▶ [WHAT YOU WILL DO] Each entry below is to be restated word for word, with no pictures carried over.

============================================================

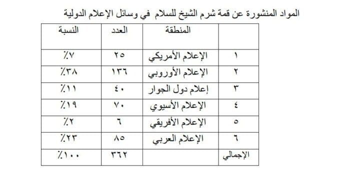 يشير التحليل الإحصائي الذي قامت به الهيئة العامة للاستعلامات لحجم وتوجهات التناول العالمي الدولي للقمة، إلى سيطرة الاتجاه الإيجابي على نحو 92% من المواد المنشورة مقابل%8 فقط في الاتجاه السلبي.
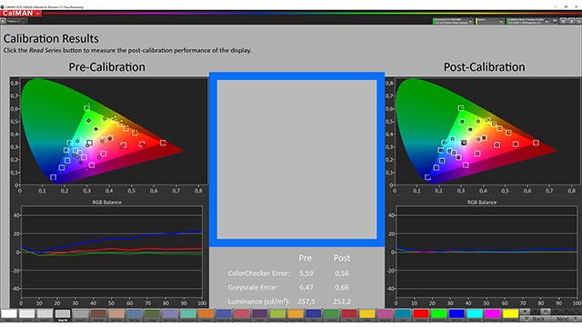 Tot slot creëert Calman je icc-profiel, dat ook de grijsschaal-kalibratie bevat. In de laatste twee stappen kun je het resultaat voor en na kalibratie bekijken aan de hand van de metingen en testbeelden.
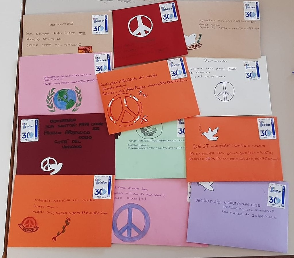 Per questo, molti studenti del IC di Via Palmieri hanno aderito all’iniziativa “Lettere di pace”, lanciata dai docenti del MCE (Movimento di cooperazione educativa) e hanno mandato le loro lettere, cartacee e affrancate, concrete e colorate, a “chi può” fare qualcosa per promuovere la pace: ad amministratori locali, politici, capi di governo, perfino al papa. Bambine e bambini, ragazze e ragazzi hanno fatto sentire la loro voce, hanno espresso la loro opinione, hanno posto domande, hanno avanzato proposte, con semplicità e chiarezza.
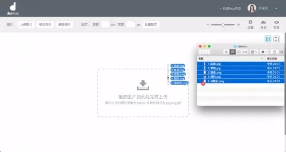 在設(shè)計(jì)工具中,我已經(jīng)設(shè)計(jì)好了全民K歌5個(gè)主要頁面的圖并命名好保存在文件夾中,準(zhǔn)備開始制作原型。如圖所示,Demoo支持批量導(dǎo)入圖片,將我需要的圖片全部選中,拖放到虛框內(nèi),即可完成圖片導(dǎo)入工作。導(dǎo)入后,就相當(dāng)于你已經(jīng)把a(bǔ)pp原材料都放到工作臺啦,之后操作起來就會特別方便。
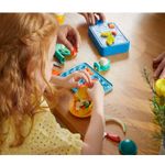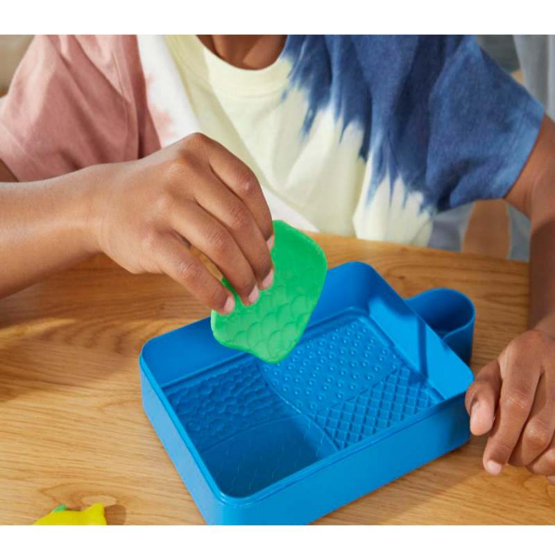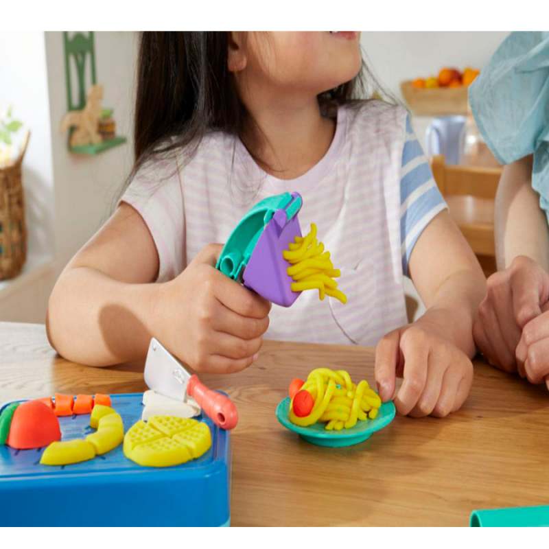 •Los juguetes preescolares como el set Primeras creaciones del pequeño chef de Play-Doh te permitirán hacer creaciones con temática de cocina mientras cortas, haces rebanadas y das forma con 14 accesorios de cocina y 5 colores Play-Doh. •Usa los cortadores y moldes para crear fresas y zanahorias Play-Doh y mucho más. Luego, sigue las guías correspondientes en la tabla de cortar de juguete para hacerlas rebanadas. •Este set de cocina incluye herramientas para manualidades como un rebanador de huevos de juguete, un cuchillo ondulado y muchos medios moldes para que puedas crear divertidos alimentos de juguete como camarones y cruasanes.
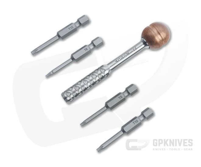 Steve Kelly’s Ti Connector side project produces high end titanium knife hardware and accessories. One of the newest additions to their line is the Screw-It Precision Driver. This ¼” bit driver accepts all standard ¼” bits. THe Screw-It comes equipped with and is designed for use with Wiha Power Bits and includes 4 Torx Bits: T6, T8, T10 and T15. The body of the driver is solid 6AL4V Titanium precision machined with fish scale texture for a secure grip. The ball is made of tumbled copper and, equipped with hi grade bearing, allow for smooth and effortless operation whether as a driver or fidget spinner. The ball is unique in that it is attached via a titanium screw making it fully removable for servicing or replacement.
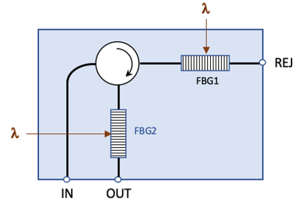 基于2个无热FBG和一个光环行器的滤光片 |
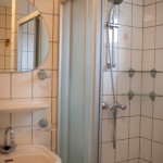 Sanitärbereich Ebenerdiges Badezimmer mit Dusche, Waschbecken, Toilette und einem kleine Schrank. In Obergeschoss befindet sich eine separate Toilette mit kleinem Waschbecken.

============================================================

▶ [ANSWER BOX]
 يشير التحليل الإحصائي الذي قامت به الهيئة العامة للاستعلامات لحجم وتوجهات التناول العالمي الدولي للقمة، إلى سيطرة الاتجاه الإيجابي على نحو 92% من المواد المنشورة مقابل%8 فقط في الاتجاه السلبي.
 Tot slot creëert Calman je icc-profiel, dat ook de grijsschaal-kalibratie bevat. In de laatste twee stappen kun je het resultaat voor en na kalibratie bekijken aan de hand van de metingen en testbeelden.
 Per questo, molti studenti del IC di Via Palmieri hanno aderito all’iniziativa “Lettere di pace”, lanciata dai docenti del MCE (Movimento di cooperazione educativa) e hanno mandato le loro lettere, cartacee e affrancate, concrete e colorate, a “chi può” fare qualcosa per promuovere la pace: ad amministratori locali, politici, capi di governo, perfino al papa. Bambine e bambini, ragazze e ragazzi hanno fatto sentire la loro voce, hanno espresso la loro opinione, hanno posto domande, hanno avanzato proposte, con semplicità e chiarezza.
 在設(shè)計(jì)工具中,我已經(jīng)設(shè)計(jì)好了全民K歌5個(gè)主要頁面的圖并命名好保存在文件夾中,準(zhǔn)備開始制作原型。如圖所示,Demoo支持批量導(dǎo)入圖片,將我需要的圖片全部選中,拖放到虛框內(nèi),即可完成圖片導(dǎo)入工作。導(dǎo)入后,就相當(dāng)于你已經(jīng)把a(bǔ)pp原材料都放到工作臺啦,之后操作起來就會特別方便。
 •Los juguetes preescolares como el set Primeras creaciones del pequeño chef de Play-Doh te permitirán hacer creaciones con temática de cocina mientras cortas, haces rebanadas y das forma con 14 accesorios de cocina y 5 colores Play-Doh. •Usa los cortadores y moldes para crear fresas y zanahorias Play-Doh y mucho más. Luego, sigue las guías correspondientes en la tabla de cortar de juguete para hacerlas rebanadas. •Este set de cocina incluye herramientas para manualidades como un rebanador de huevos de juguete, un cuchillo ondulado y muchos medios moldes para que puedas crear divertidos alimentos de juguete como camarones y cruasanes.
 Steve Kelly’s Ti Connector side project produces high end titanium knife hardware and accessories. One of the newest additions to their line is the Screw-It Precision Driver. This ¼” bit driver accepts all standard ¼” bits. THe Screw-It comes equipped with and is designed for use with Wiha Power Bits and includes 4 Torx Bits: T6, T8, T10 and T15. The body of the driver is solid 6AL4V Titanium precision machined with fish scale texture for a secure grip. The ball is made of tumbled copper and, equipped with hi grade bearing, allow for smooth and effortless operation whether as a driver or fidget spinner. The ball is unique in that it is attached via a titanium screw making it fully removable for servicing or replacement.
 基于2个无热FBG和一个光环行器的滤光片 |
 Sanitärbereich Ebenerdiges Badezimmer mit Dusche, Waschbecken, Toilette und einem kleine Schrank. In Obergeschoss befindet sich eine separate Toilette mit kleinem Waschbecken.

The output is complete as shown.